## [What you should do]
Your answer should hold only the lines from the start of the data below through the line with "A homeowner's delight", copied exactly, with pictures left out.

## [Extracted information]
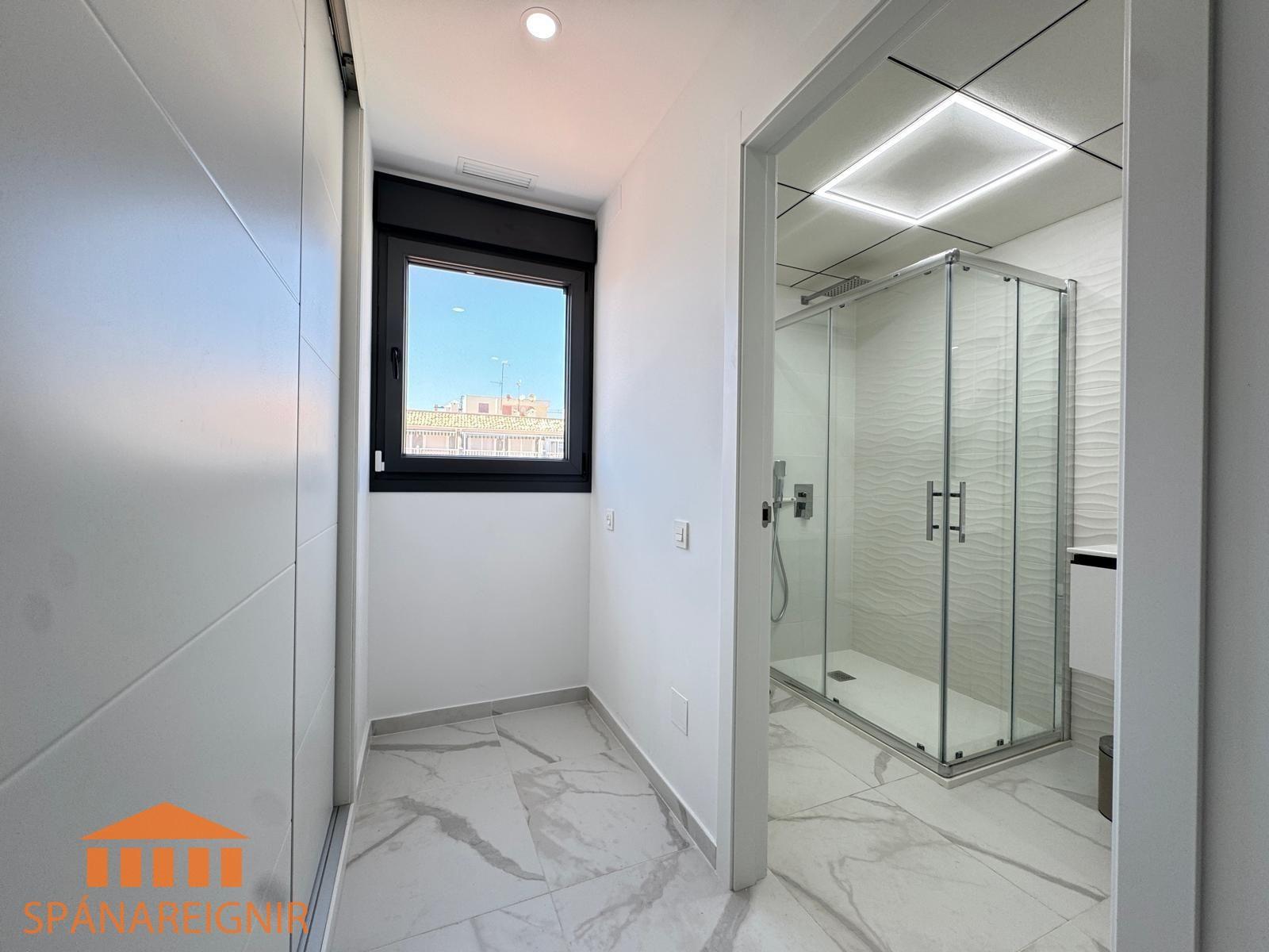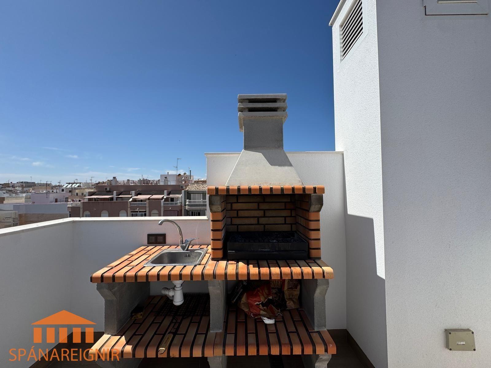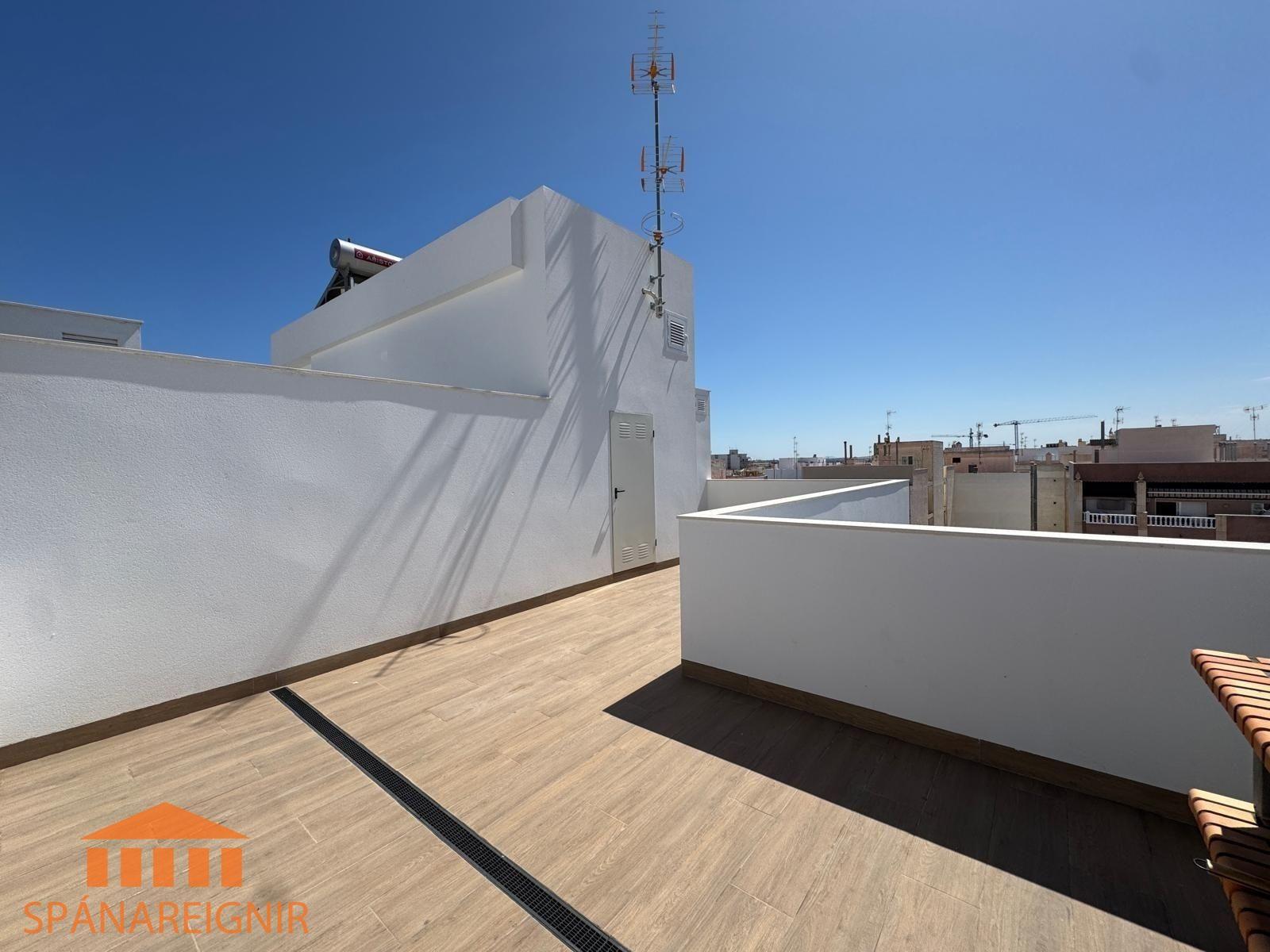 Nýleg 3ja herb. íbúð á frábærum stað í miðbæ Torrevieja. Vönduð íbúð með glæsilegri sameign, á þaki húsins er að finna sameiginlega sólbaðsaðstöðu ásamt 35 fm sérþaksvölum sem fylgja íbúðinni. Í sameign er sundlaug, vel útbúin líkamsræktaraðstaða ásamt góðri sánu. Íbúðin er sérlega vel staðsett þar sem strönd og mannlíf eru í göngufæri. Einstakt tækifæri til að eignast góða íbúð á frábæru verði á besta stað í miðborg Torrevieja.
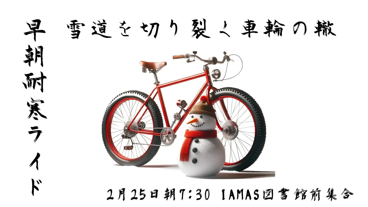 来る2月25日にクリティカル・サイクリングと運動体設計の共催による早朝耐寒ライドを行います。これはIAMASのいわゆる卒展のイベントとして行われ、どなたでもご参加いただけます。近隣の方はもちろん、遠方でも少し早めにお越しいただいて、ライドの後に卒展をご覧いただければ幸いです。
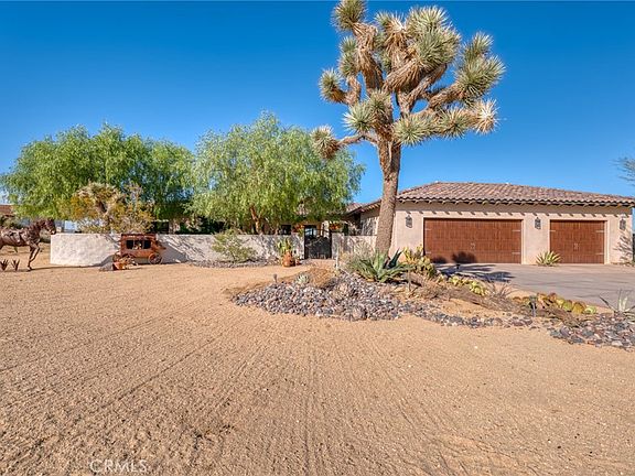 A homeowner's delight nestled in the heart of Joshua Tree...Seeing is believing with this one-of-a-kind exquisite property. Built in 2013 this Mediterranean Style home offers over 2500 square feet of living space and is custom from floor to ceiling. Featuring renowned woodwork and cabinetry throughout every detail is placed with purpose and poise. An open split floor plan 2 bedrooms 2 baths, with office that could easily be turned into a 3rd bedroom, grand living room, craft room, a cooks kitchen indulgence, including a wraparound bar, island with prep sink, beverage refrigerator and a large walk-in pantry just to name a few. This property is flooded with natural light allowing the beauty of the desert to surround you and it doesn't stop there! The home has multiple patios with handcrafted iron and masonry work, views that mesmerize and give you that retreat feeling you're looking for along with a deluxe swimming pool complete with automatic cover, shade structure and is heated by solar. Pool is surrounded by a unique desert mural painted by local artist. Outside the Master suite a luxurious hot tub awaits you for those relaxing starry nights. A three-car garage is attached to a breeze way and gorgeous courtyard equipped with mature planters, overflowing flower beds and a trickling water fountain. Home is abundantly full of extra amenities such as instant hot water heater, water softener, outside icemaker, dog run, doggie door and more...Come make this desert property a reality and call Joshua tree Home sweet Home! Shown by appointment only.
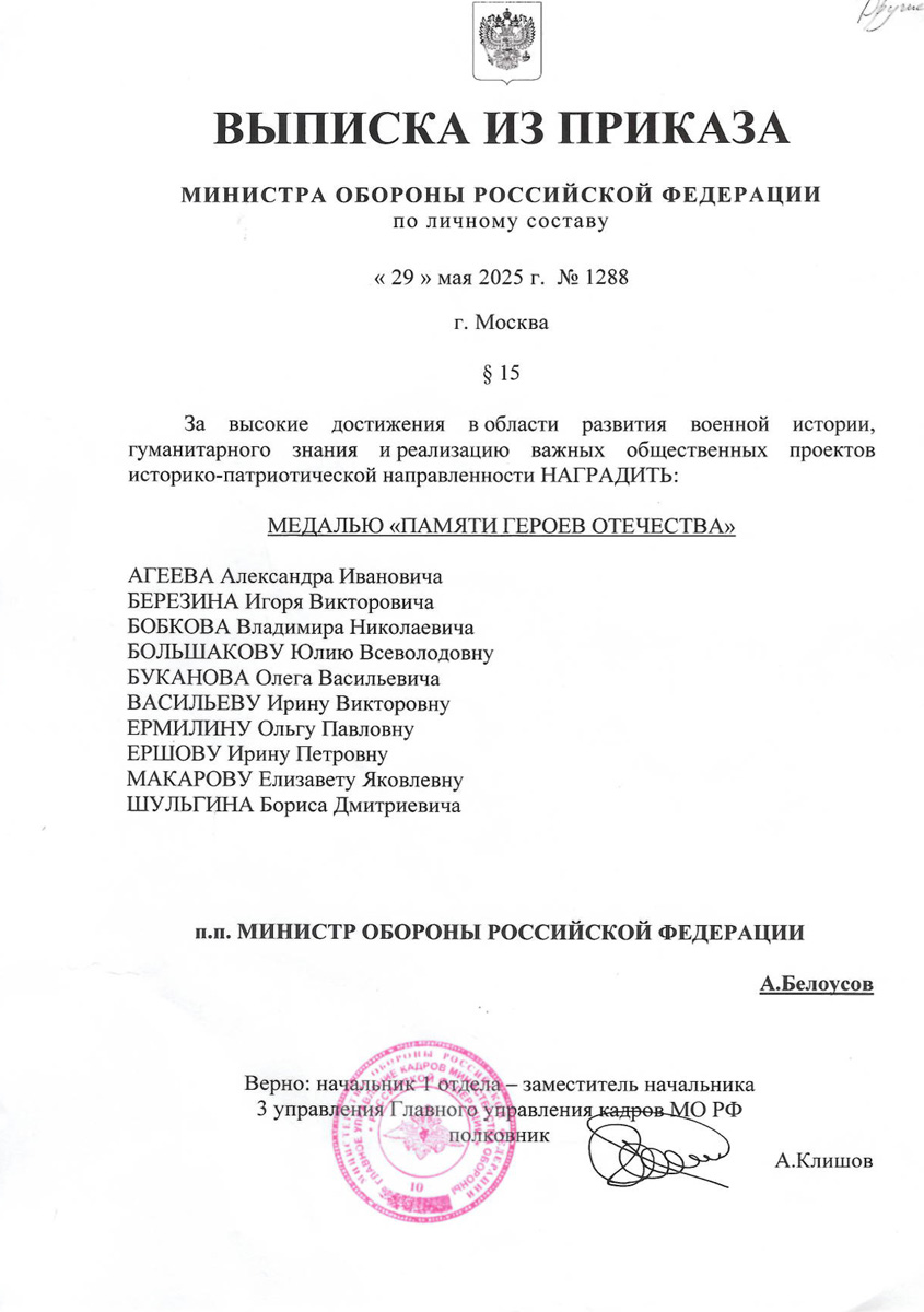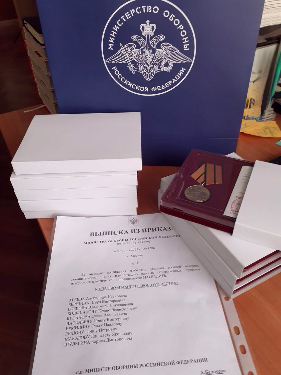 В приказе министра обороны РФ А. Белоусова от 29 мая 2025 г. говорится: «За высокие достижения в области развития военной истории, гуманитарного знания и реализацию важных общественных проектов историко-патриотической направленности наградить медалью «Памяти героев Отечества»:
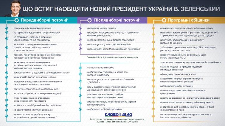 Владимир Зеленский, который побеждает на выборах президента Украины, за время предвыборной кампании давал определенные обещания. Журналисты аналитического портала  «Слово и дело» собрали обещания, которые есть в программе кандидата в президенты, которые давались после оглашения экзитпола, обещания, которые давал Владимир Зеленский в ходе избирательной компании.
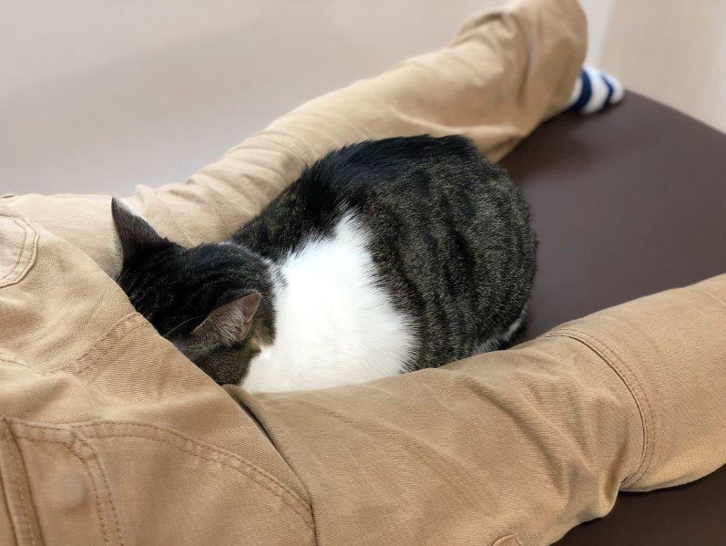▼原po開玩笑說:「師父,你這個新療法是不是菊花會有點熱?」貓咪的臉和身體緊緊貼著奴才的屁屁,不留一絲空隙。這看起來很暖和,但總感覺會有其他的味道…
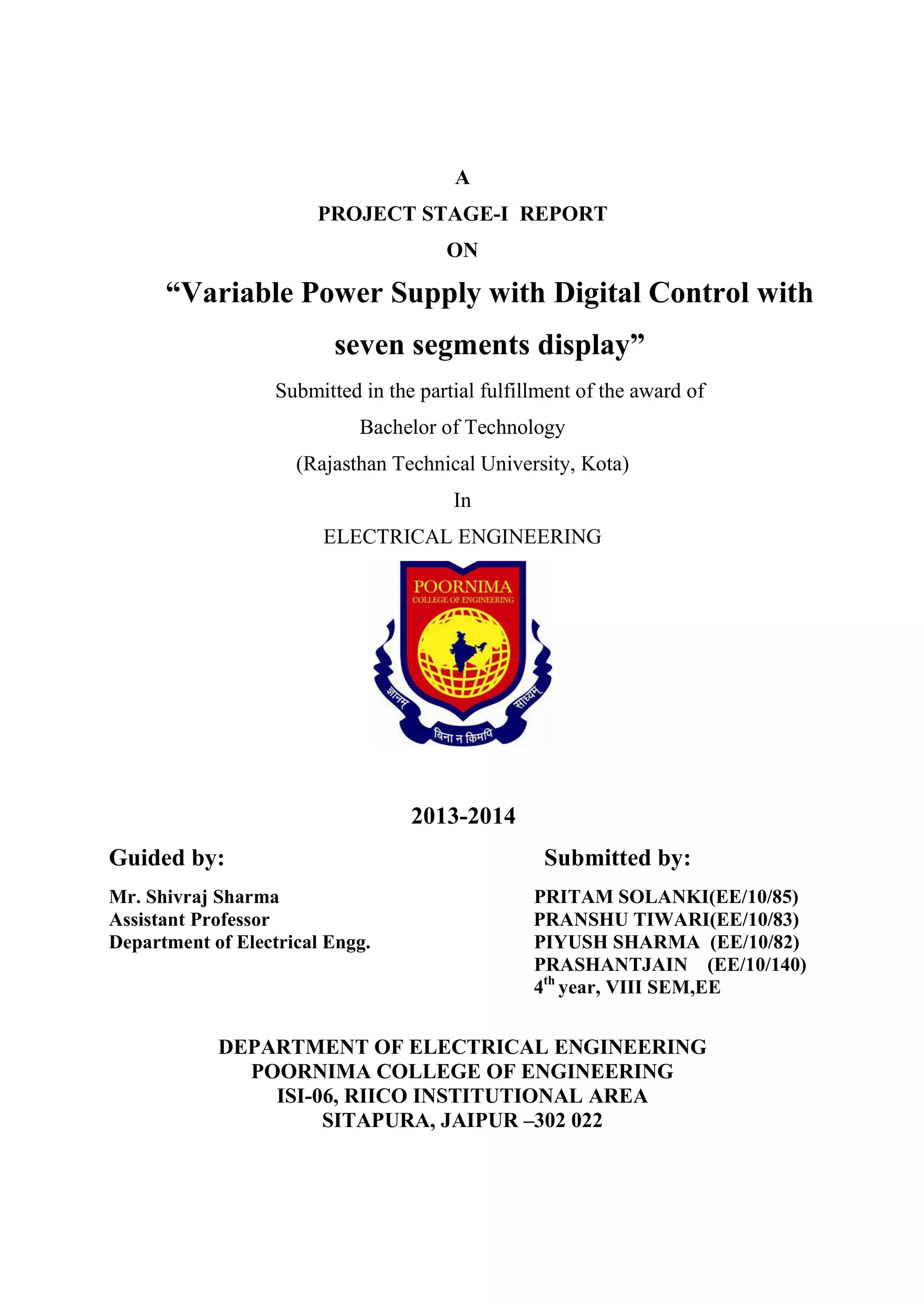 The document presents a project report on a variable power supply with digital control and seven segments display, submitted as part of a Bachelor's degree in Electrical Engineering. It describes the design and functioning of the circuit built around various ICs for providing a stable and adjustable power output, emphasizing its practical importance in electronic workshops. The report includes components, circuit diagrams, and explanations aimed at facilitating an improved educational experience for students in technology.
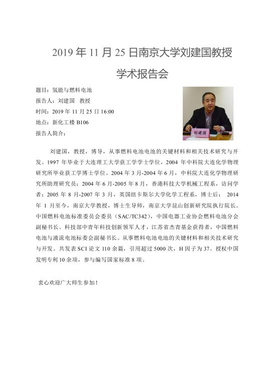 2019年11月25日南京大学刘建国教授学术报告会

## [Your solution]
 Nýleg 3ja herb. íbúð á frábærum stað í miðbæ Torrevieja. Vönduð íbúð með glæsilegri sameign, á þaki húsins er að finna sameiginlega sólbaðsaðstöðu ásamt 35 fm sérþaksvölum sem fylgja íbúðinni. Í sameign er sundlaug, vel útbúin líkamsræktaraðstaða ásamt góðri sánu. Íbúðin er sérlega vel staðsett þar sem strönd og mannlíf eru í göngufæri. Einstakt tækifæri til að eignast góða íbúð á frábæru verði á besta stað í miðborg Torrevieja.
 来る2月25日にクリティカル・サイクリングと運動体設計の共催による早朝耐寒ライドを行います。これはIAMASのいわゆる卒展のイベントとして行われ、どなたでもご参加いただけます。近隣の方はもちろん、遠方でも少し早めにお越しいただいて、ライドの後に卒展をご覧いただければ幸いです。
 A homeowner's delight nestled in the heart of Joshua Tree...Seeing is believing with this one-of-a-kind exquisite property. Built in 2013 this Mediterranean Style home offers over 2500 square feet of living space and is custom from floor to ceiling. Featuring renowned woodwork and cabinetry throughout every detail is placed with purpose and poise. An open split floor plan 2 bedrooms 2 baths, with office that could easily be turned into a 3rd bedroom, grand living room, craft room, a cooks kitchen indulgence, including a wraparound bar, island with prep sink, beverage refrigerator and a large walk-in pantry just to name a few. This property is flooded with natural light allowing the beauty of the desert to surround you and it doesn't stop there! The home has multiple patios with handcrafted iron and masonry work, views that mesmerize and give you that retreat feeling you're looking for along with a deluxe swimming pool complete with automatic cover, shade structure and is heated by solar. Pool is surrounded by a unique desert mural painted by local artist. Outside the Master suite a luxurious hot tub awaits you for those relaxing starry nights. A three-car garage is attached to a breeze way and gorgeous courtyard equipped with mature planters, overflowing flower beds and a trickling water fountain. Home is abundantly full of extra amenities such as instant hot water heater, water softener, outside icemaker, dog run, doggie door and more...Come make this desert property a reality and call Joshua tree Home sweet Home! Shown by appointment only.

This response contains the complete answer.